Retype nothing except the lines below from the one with "Для создания образа" through the one with "I made this", exactly, with images left out.
[INPUT DATA — start]
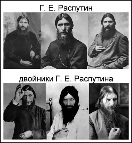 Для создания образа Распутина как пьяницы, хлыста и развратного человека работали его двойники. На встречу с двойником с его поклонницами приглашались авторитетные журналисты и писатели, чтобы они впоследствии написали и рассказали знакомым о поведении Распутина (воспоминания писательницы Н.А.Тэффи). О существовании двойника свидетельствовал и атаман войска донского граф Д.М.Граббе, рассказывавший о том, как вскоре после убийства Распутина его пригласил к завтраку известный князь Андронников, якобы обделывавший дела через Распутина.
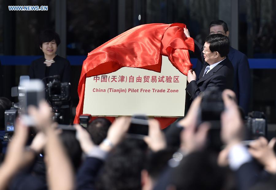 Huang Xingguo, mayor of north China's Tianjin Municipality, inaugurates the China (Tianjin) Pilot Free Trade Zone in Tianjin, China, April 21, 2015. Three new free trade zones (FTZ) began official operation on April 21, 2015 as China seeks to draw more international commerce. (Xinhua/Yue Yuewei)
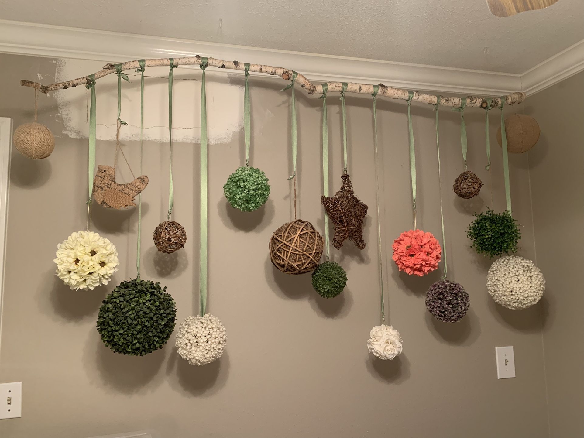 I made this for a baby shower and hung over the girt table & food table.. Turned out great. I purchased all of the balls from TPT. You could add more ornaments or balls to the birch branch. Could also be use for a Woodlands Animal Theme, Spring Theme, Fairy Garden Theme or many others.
[INPUT DATA — finish]
[INPUT DATA — start]
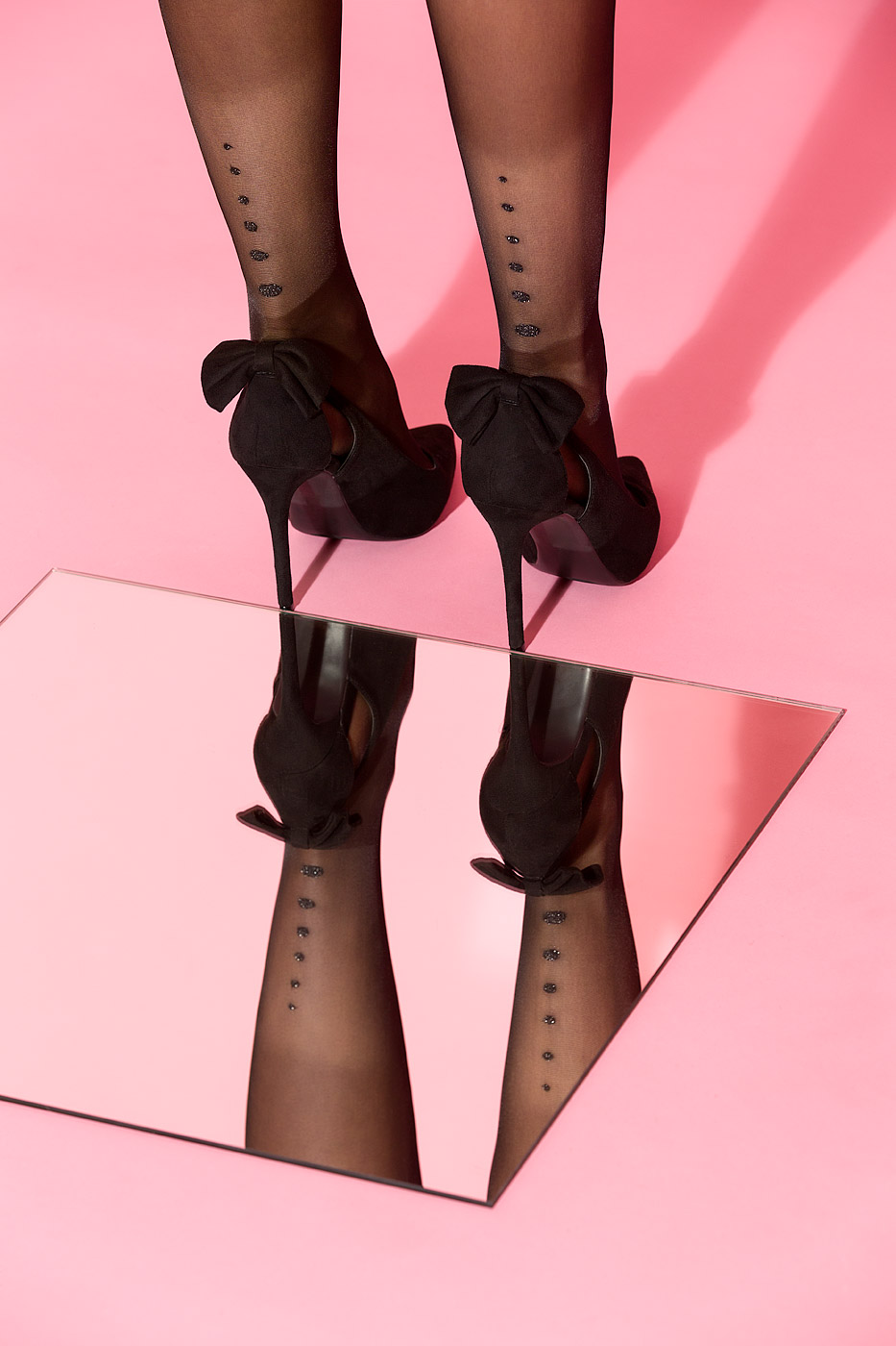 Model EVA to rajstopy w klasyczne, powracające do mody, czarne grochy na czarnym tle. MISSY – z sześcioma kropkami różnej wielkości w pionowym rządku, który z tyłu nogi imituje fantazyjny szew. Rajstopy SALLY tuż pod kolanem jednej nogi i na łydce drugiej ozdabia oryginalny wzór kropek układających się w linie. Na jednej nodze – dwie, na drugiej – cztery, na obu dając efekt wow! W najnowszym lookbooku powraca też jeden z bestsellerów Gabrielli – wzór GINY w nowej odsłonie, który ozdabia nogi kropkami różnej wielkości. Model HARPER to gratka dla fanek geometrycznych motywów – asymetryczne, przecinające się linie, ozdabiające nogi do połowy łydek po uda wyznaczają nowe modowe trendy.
[INPUT DATA — finish]
_ANSWER BELOW_
 Для создания образа Распутина как пьяницы, хлыста и развратного человека работали его двойники. На встречу с двойником с его поклонницами приглашались авторитетные журналисты и писатели, чтобы они впоследствии написали и рассказали знакомым о поведении Распутина (воспоминания писательницы Н.А.Тэффи). О существовании двойника свидетельствовал и атаман войска донского граф Д.М.Граббе, рассказывавший о том, как вскоре после убийства Распутина его пригласил к завтраку известный князь Андронников, якобы обделывавший дела через Распутина.
 Huang Xingguo, mayor of north China's Tianjin Municipality, inaugurates the China (Tianjin) Pilot Free Trade Zone in Tianjin, China, April 21, 2015. Three new free trade zones (FTZ) began official operation on April 21, 2015 as China seeks to draw more international commerce. (Xinhua/Yue Yuewei)
 I made this for a baby shower and hung over the girt table & food table.. Turned out great. I purchased all of the balls from TPT. You could add more ornaments or balls to the birch branch. Could also be use for a Woodlands Animal Theme, Spring Theme, Fairy Garden Theme or many others.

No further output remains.